Sepsis is a major public health concern with significant morbidity, mortality, and healthcare expenses. Early detection and antibiotic treatment of sepsis improve outcomes. However, although professional critical care societies have proposed new clinical criteria that aid sepsis recognition, the fundamental need for early detection and treatment remains unmet. In response, researchers have proposed algorithms for early sepsis detection, but directly comparing such methods has not been possible because of different patient cohorts, clinical variables and sepsis criteria, prediction tasks, evaluation metrics, and other differences. To address these issues, the PhysioNet/Computing in Cardiology Challenge 2019 facilitated the development of automated, open-source algorithms for the early detection of sepsis from clinical data.
To do this the Knowledge Discovery in Databases (KDD) process will be adopted. This process consists of 4 steps:
Selecting and extracting the multivariate time series data set from the database. Pre-processed and cleaned up the time series into a tidy dataset by exploring the data, handling missing data, and removing noise / outliers. Building a predictive model allowing to associate the time series of biomedical measurements with a real-time severity indicator (probability of mortality) by implementing several machine learning algorithms. Evaluation and validation. The use of two databases provides an opportunity to validate the different predictive models that will be produced.

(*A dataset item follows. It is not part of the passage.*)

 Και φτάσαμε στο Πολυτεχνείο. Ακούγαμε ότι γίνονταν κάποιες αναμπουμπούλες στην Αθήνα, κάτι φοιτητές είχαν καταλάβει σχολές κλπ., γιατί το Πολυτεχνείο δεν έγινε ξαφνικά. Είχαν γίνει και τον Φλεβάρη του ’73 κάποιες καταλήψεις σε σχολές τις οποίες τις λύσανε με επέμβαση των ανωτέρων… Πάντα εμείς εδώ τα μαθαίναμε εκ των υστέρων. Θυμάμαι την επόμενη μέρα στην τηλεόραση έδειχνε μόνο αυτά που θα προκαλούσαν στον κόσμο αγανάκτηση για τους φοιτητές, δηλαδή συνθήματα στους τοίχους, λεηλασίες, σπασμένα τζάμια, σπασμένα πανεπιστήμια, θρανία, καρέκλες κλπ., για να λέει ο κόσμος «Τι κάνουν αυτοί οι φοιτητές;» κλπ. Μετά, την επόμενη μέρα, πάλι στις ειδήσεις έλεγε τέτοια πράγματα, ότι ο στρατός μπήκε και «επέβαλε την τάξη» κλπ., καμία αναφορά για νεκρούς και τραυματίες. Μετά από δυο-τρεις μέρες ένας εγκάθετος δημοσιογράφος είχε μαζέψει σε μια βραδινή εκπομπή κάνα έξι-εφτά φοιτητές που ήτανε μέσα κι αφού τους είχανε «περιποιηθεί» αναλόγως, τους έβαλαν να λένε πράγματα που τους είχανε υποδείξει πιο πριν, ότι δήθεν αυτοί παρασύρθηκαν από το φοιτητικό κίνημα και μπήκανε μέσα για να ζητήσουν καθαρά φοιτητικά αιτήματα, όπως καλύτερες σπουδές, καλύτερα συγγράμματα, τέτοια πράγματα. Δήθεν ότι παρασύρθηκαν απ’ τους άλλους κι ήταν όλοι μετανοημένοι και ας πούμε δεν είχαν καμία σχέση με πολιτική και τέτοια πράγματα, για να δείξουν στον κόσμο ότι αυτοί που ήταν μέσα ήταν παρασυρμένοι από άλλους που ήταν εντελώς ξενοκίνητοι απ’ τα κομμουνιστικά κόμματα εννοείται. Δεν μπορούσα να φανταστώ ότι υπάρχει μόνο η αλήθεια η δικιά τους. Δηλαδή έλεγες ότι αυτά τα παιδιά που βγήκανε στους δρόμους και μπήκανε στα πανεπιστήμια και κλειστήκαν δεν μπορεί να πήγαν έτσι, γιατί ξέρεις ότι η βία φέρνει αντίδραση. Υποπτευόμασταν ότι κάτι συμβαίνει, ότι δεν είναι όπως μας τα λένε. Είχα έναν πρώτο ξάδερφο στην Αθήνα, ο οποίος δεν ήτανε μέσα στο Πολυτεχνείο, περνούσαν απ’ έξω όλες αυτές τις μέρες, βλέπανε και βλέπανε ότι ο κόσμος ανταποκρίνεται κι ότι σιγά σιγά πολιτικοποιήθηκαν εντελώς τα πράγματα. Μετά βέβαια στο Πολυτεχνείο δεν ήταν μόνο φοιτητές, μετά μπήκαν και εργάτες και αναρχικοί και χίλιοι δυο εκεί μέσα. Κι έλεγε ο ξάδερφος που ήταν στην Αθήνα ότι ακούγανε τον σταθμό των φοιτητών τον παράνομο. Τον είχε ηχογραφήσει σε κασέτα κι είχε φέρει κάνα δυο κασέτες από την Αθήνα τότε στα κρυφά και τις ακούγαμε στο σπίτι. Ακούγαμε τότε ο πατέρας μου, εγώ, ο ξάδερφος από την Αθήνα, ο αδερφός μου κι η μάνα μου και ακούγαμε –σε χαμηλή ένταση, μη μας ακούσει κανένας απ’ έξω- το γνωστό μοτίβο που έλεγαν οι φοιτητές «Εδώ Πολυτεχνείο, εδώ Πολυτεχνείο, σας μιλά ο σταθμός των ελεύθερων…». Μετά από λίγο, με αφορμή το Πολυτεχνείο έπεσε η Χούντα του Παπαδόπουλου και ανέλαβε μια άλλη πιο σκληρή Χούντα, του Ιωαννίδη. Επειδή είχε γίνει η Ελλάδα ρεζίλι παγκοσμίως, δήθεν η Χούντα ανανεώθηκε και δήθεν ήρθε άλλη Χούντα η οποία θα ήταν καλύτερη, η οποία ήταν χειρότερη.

Click 'here' to download the complete training database (42 MB), consisting of two parts: training set A (20,336 subjects) and B (20,000 subjects). Each training data file provides a table with measurements over time. Each column of the table provides a sequence of measurements over time (e.g., heart rate over several hours), where the header of the column describes the measurement. Each row of the table provides a collection of measurements at the same time (e.g., heart rate and oxygen level at the same time). The table is formatted in the following way:
HR | O2Sat | Temp | ... | HospAdmTime | ICULOS | SepsisLabel |
---|---|---|---|---|---|---|
NaN | NaN | NaN | ... | -50 | 1 | 0 |
86 | 98 | NaN | ... | -50 | 2 | 0 |
75 | NaN | NaN | ... | -50 | 3 | 1 |
99 | 100 | 35.5 | ... | -50 | 4 | 1 |
There are 40 time-dependent variables HR, O2Sat, Temp ..., HospAdmTime, which are described here. The final column, SepsisLabel, indicates the onset of sepsis according to the Sepsis-3 definition, where 1 indicates sepsis and 0 indicates no sepsis. Entries of NaN (not a number) indicate that there was no recorded measurement of a variable at the time interval.
- Combined all the .psv files into a single file
- Handling missing values through- forward and backward filling
- SMOTE analysis was used for handling labelled data imbalance
- Feature Engineering
- Model building and prediction
We used 3 classifier models to test the outcome of the prediction namely: Random Forest, Logictic Regression and XGBoost classifiers. Based on the evaluation metrics result after prediction, XGBoost have the best results with an accuracy of ~ 95%.
The project has a scope of continuing with further research on the importance of the features, better model building and under the guidance of a good health science domain expert.